━━ EXTRACTED INFORMATION ━━

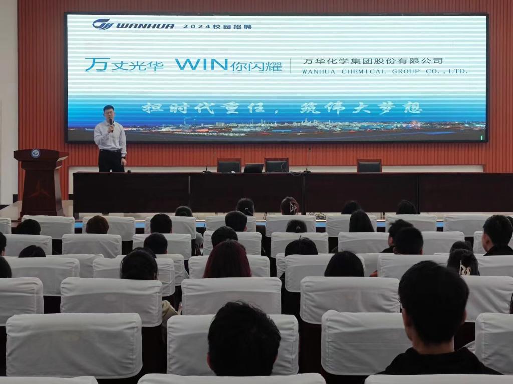 为做好2025届毕业生实习就业工作,进一步提高学生实习就业质量,化学工程学院结合前期企业用工需求和行业发展现状调研,统筹安排,开展2024年春季优质企业宣讲进校园活动。活动邀请行业龙头企业万华化学集团股份有限公司、齐翔腾达股份有限公司到学院进行宣讲,应用化工技术、分析检验技术等专业2025届毕业生共计200余人参加宣讲会。 会上,企业招聘人员就企业发展历程、企业文化、岗位设置、实习管理、薪资待遇等方面做了...更多 -
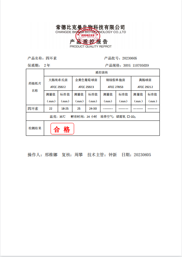 110705039 比克曼生物 四環(huán)素 30UG 20片瓶 20230605
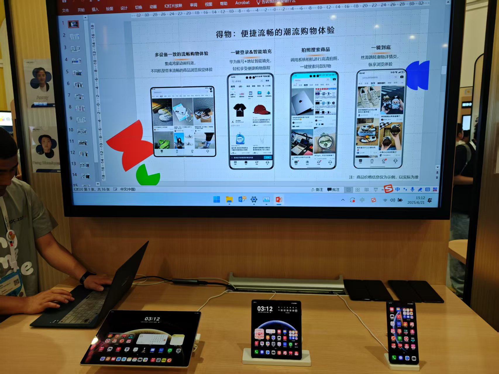 當用手機輕輕碰一碰電腦屏幕,就能把手機中的照片插入電腦端WPS的PPT中;當用户説一句話,就能讓喜馬拉雅“小雅”智能體定製專屬你的播客內容;當京東通過釐米級的高精度空間感知能力,幫助用户精準購物到家;當嗶哩嗶哩用少量代碼,就能實現闊摺疊內外屏沉浸觀影……
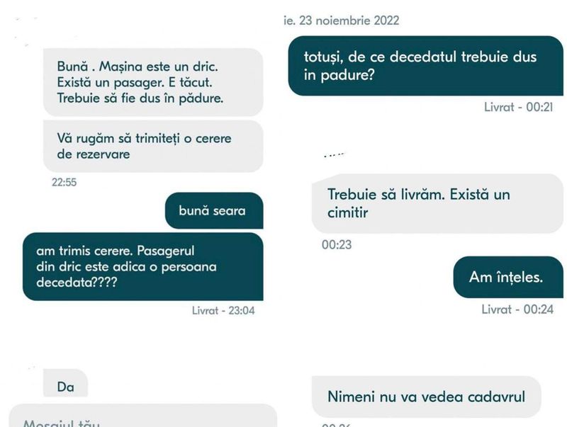 De parcă informațiile nu erau suficient de înfricoșătoare, șoferița a mai informat-o pe clientă că urmează ca omul decedat să fie lăsat într-o pădure, la un cimitir, conform dorințelor familiei acestuia.
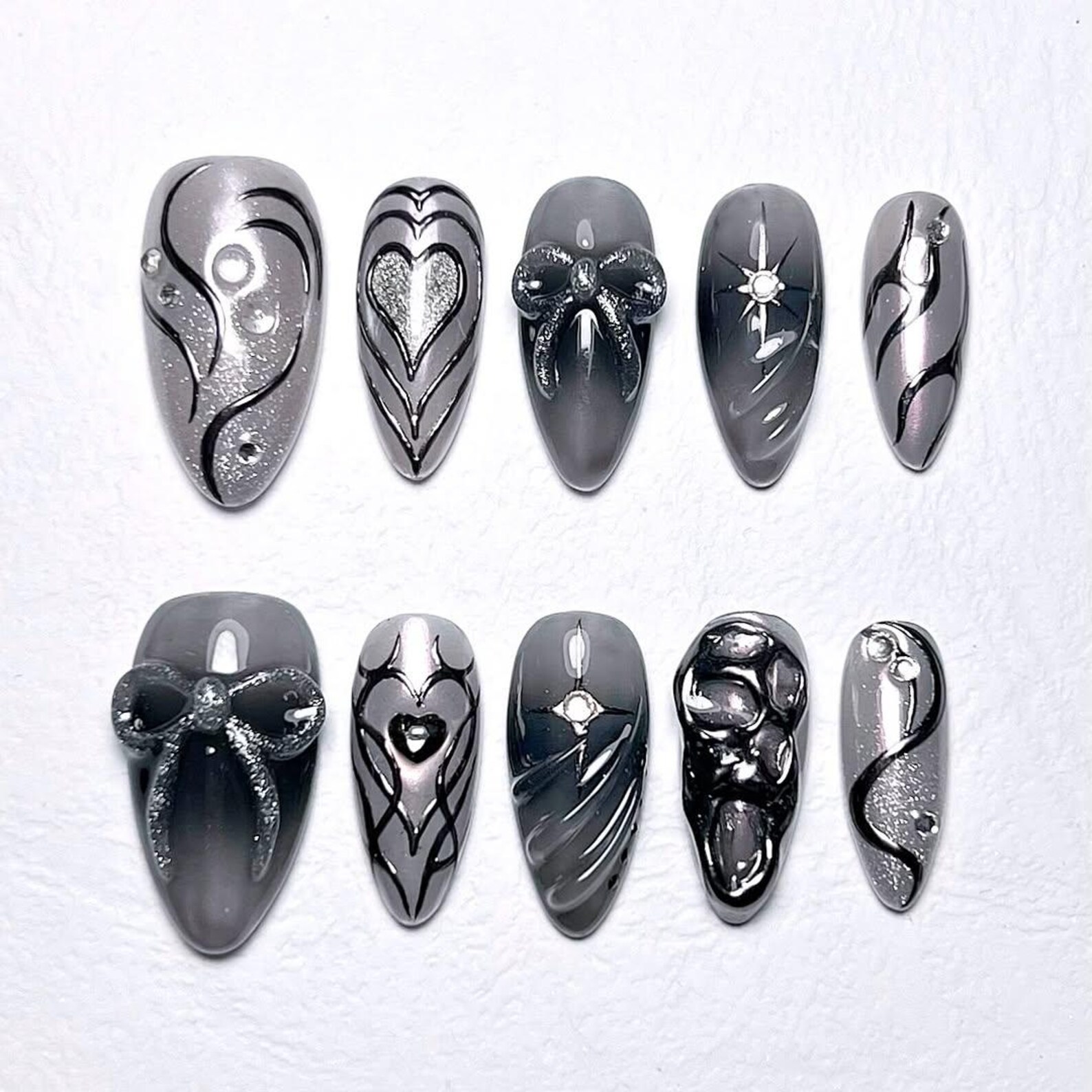 Gothic Chrome Black and Silver Nails with 3D Heart, Edgy Handmade Nail Set

━━━

WORK INSTRUCTIONS: Reproduce every entry word for word, but skip any pictures.

ANSWER BOX:
 为做好2025届毕业生实习就业工作,进一步提高学生实习就业质量,化学工程学院结合前期企业用工需求和行业发展现状调研,统筹安排,开展2024年春季优质企业宣讲进校园活动。活动邀请行业龙头企业万华化学集团股份有限公司、齐翔腾达股份有限公司到学院进行宣讲,应用化工技术、分析检验技术等专业2025届毕业生共计200余人参加宣讲会。 会上,企业招聘人员就企业发展历程、企业文化、岗位设置、实习管理、薪资待遇等方面做了...更多 -
 110705039 比克曼生物 四環(huán)素 30UG 20片瓶 20230605
 當用手機輕輕碰一碰電腦屏幕,就能把手機中的照片插入電腦端WPS的PPT中;當用户説一句話,就能讓喜馬拉雅“小雅”智能體定製專屬你的播客內容;當京東通過釐米級的高精度空間感知能力,幫助用户精準購物到家;當嗶哩嗶哩用少量代碼,就能實現闊摺疊內外屏沉浸觀影……
 De parcă informațiile nu erau suficient de înfricoșătoare, șoferița a mai informat-o pe clientă că urmează ca omul decedat să fie lăsat într-o pădure, la un cimitir, conform dorințelor familiei acestuia.
 Gothic Chrome Black and Silver Nails with 3D Heart, Edgy Handmade Nail Set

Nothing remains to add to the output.